Task directions: Everything from the line with "整體上目前處於59.60-61.50區間震盪,打破區間才會發力" down to the line with "3. 特别设计众多历史名人系" below must be printed exactly, those two lines included. Exclude pictures.

Provided data:
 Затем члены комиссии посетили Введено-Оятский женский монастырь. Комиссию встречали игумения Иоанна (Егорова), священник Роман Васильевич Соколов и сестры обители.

...

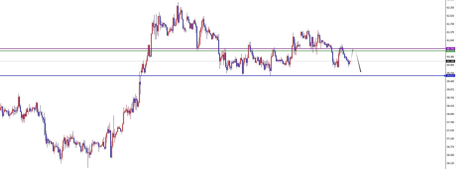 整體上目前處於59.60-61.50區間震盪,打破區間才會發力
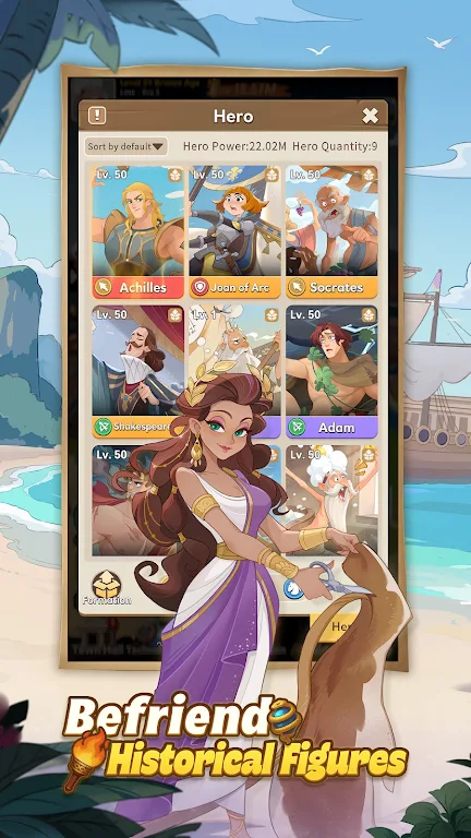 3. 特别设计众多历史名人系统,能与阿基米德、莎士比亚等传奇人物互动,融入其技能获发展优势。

---

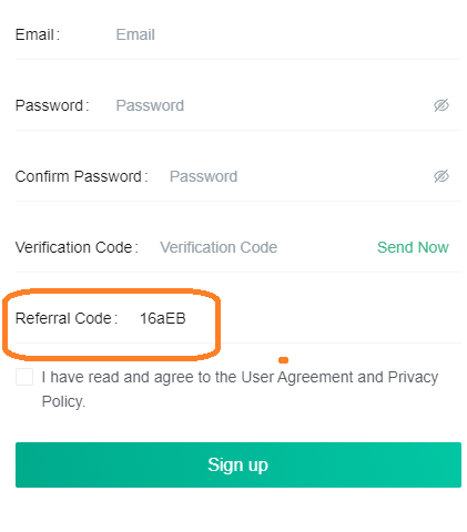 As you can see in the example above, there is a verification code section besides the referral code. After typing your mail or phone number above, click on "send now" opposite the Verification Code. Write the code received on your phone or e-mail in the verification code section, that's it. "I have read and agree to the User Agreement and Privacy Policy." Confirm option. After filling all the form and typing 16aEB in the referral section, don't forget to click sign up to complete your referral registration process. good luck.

Solution for this task:
 整體上目前處於59.60-61.50區間震盪,打破區間才會發力
 3. 特别设计众多历史名人系统,能与阿基米德、莎士比亚等传奇人物互动,融入其技能获发展优势。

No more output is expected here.